Summary. In the ruminant placenta 15–20% of the trophectodermal epithelium consists of granulated binucleate cells (BNC). In the sheep the granules contain ovine placental lactogen (oPL). These cells migrate from the trophectoderm to form fetomaternal hybrid tissue from implantation to term.

The number of BNC, their percentage migration and the potential secretory activity of the syncytium they form were estimated by semiquantitative transmission electron-microscopical techniques after several surgical techniques and hormone or drug infusions.

BNC numbers decrease normally just before parturition, and this fall could be eliminated by fetal hypophysectomy or induced early by administration of tetracosactrin to intact or hypophysectomized fetuses. If only one twin was treated with tetracosactrin the placenta of the untreated twin did not show the fall in BNC numbers found in the other unless it died in utero some time before sampling. This indicates fetal control of BNC number and migration.

However, fetal catheterization, hypophysectomy, stalk section, adrenalectomy, infusion of mouse epidermal growth factor or bromocriptine had little or no effect on binucleate cell numbers or migration percentages. Maternal carunclectomy, ovariectomy, or epostane or bromocriptine administration also had no consistent significant effect.

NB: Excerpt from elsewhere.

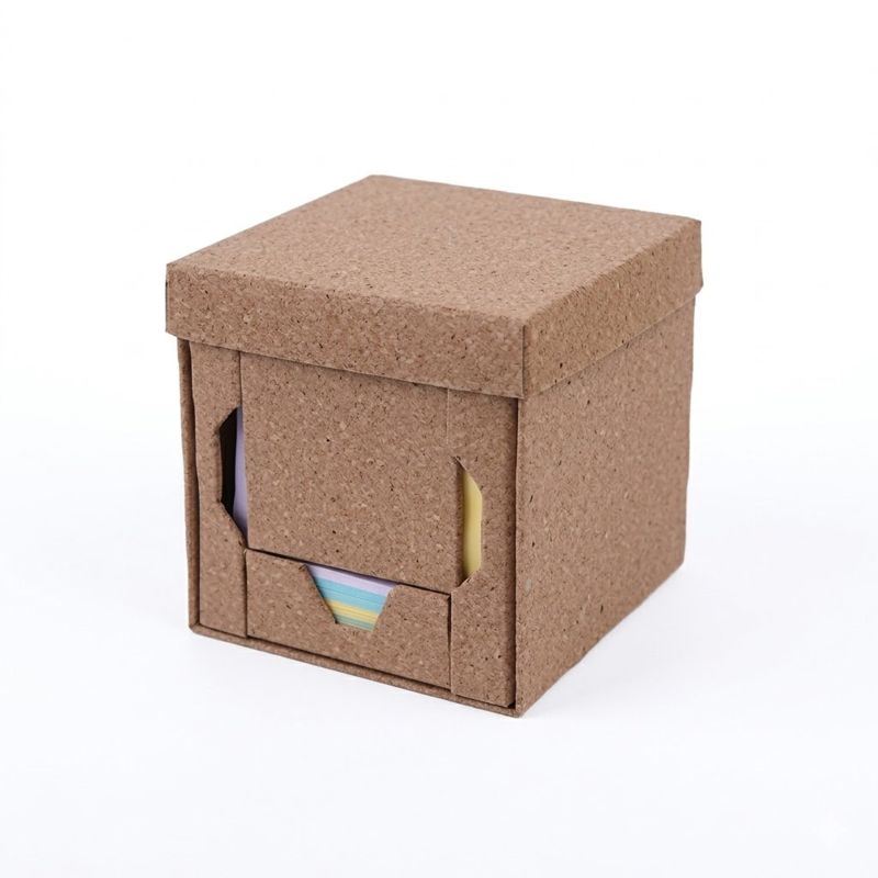 Cubo de cartón ecológico desplegable para escritorio con portalápices.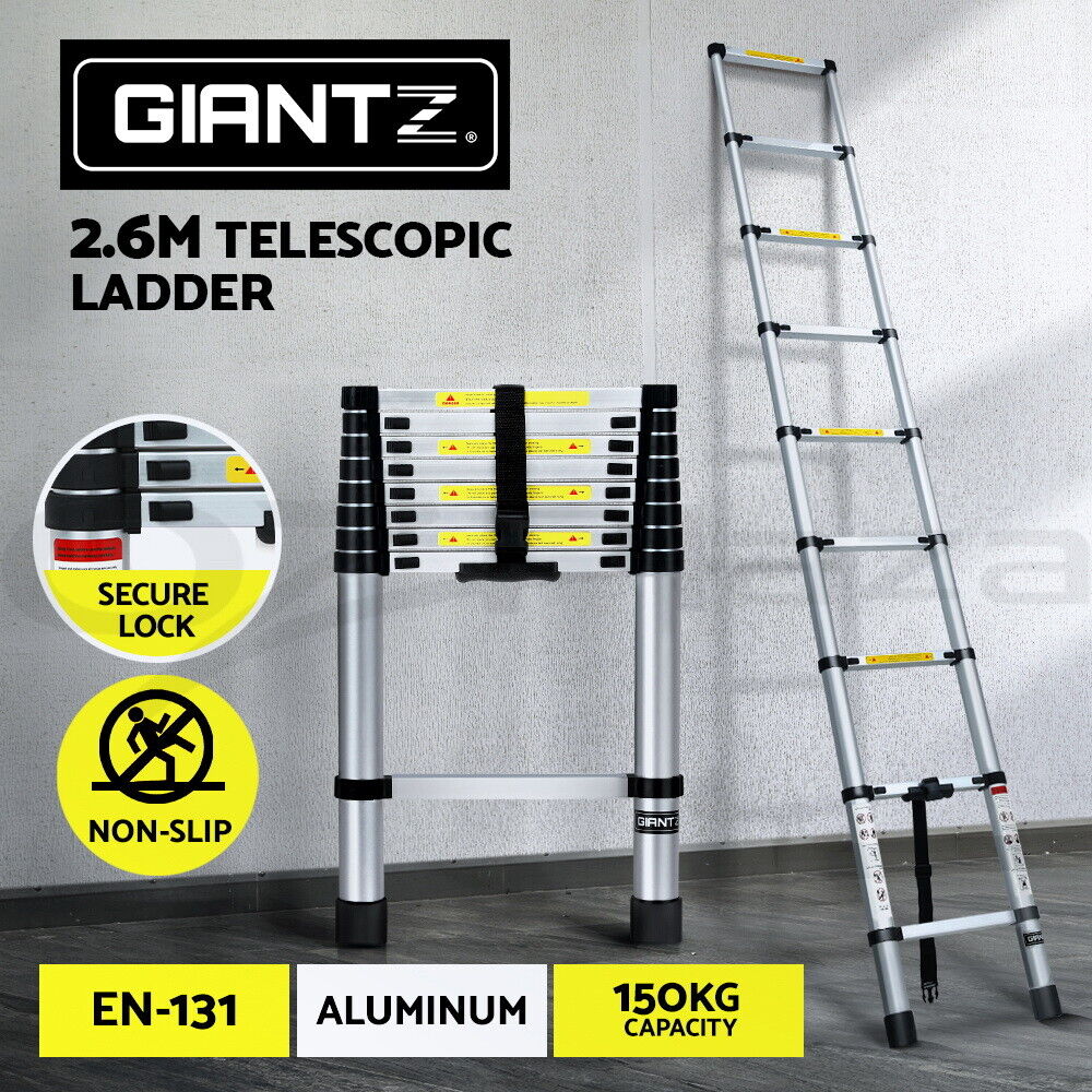 Climb your way to the top with the Giantz 2.6M Telescopic Ladder. Forget ladders that are heavy, bulky, awkward to store and hard to use - the Giantz Telescopic Ladder solves all your problems. Made from premium aluminium alloy and durable nylon fittings, the ladder is rust-resistant, incredibly stable and ready for all your DIY needs. The ladder fully extends to 2.6M and collapses neatly into an easy-to-carry 76cm tall, 5cm wide bundle with an easy-carry strap. The steps are a generous 4cm for stability and the legs are fitted with anti-slip end caps to prevent slippage and protect floors. The ladder has a secure lock to keep the steps in place, and a slow descent when collapsing to prevent trapped fingers. Easily reach high places in your home, in the warehouse, outside or on the road. Reach new heights with the Giantz 2.6M Telescopic Ladder.

Previous reports of degeneration of BNC structure plus a decrease in their number (with bromocriptine) or an increase in migration frequency (after adrenalectomy or stalk section) have not been confirmed by this study. The BNC migration delivers the oPL-containing BNC granules close to the maternal circulation but the variation in migration seems only loosely correlated with the reported maternal oPL concentrations.

The results indicate that BNC migration is independent of the hormonal milieu, but that BNC production is greatly modified by the hormonal changes just before parturition, with cortisol production by the fetus a possible primary cause.